Goal of the exercise :: Print the listing below verbatim, passing over each picture.

Material provided ::
━━━━━━

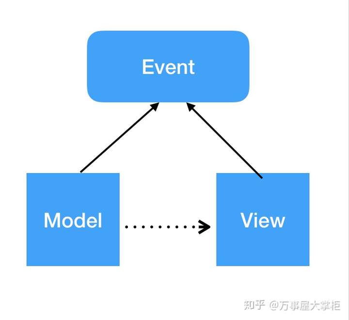 三者关系如上。Model和View分别继承Event. Model和View通过组合的方式关联在一起。
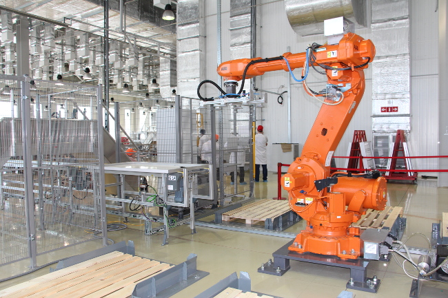 Автоматизированы и все основные операции на участке сборки фотоэлектрического модуля. Сортировка и упаковка готовых солнечных модулей также роботизирована. Робот-упаковщик ABB считывает этикетку и укладывает готовые солнечные модули в паллеты в соответствии с установленной мощностью.
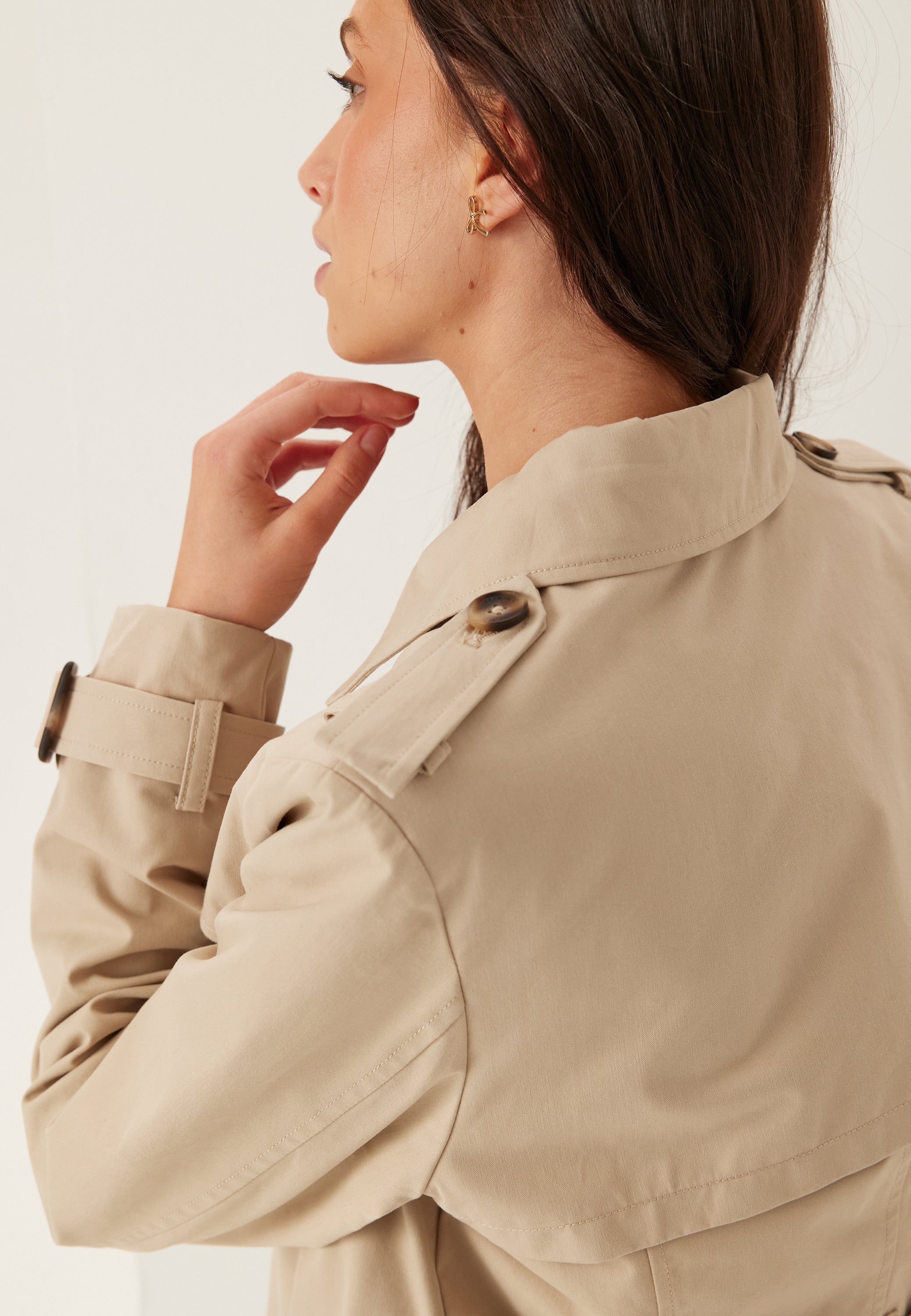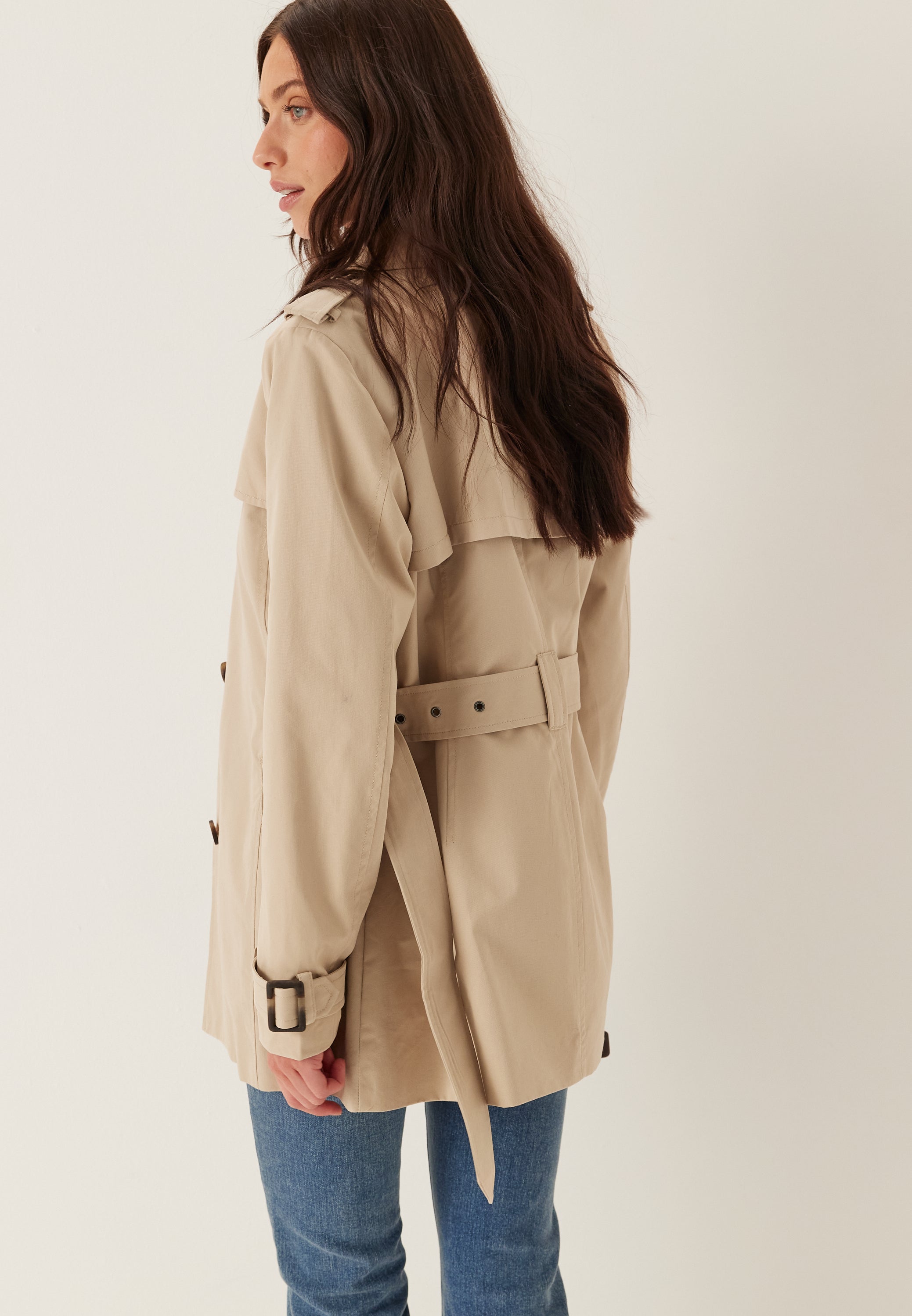 Denne beige trenchcoaten er en smart og lett jakke for vår, høst og hverdager i byen, med en ren, enkel knepping foran og et belte i livet som lar deg justere passformen. Den kortere lengden gir den et avslappet og moderne uttrykk, så den fungerer like fint over jeans og en strikkegenser som lag på lag på vei til jobb.

━━━━━━

Written answer ::
 三者关系如上。Model和View分别继承Event. Model和View通过组合的方式关联在一起。
 Автоматизированы и все основные операции на участке сборки фотоэлектрического модуля. Сортировка и упаковка готовых солнечных модулей также роботизирована. Робот-упаковщик ABB считывает этикетку и укладывает готовые солнечные модули в паллеты в соответствии с установленной мощностью.
 Denne beige trenchcoaten er en smart og lett jakke for vår, høst og hverdager i byen, med en ren, enkel knepping foran og et belte i livet som lar deg justere passformen. Den kortere lengden gir den et avslappet og moderne uttrykk, så den fungerer like fint over jeans og en strikkegenser som lag på lag på vei til jobb.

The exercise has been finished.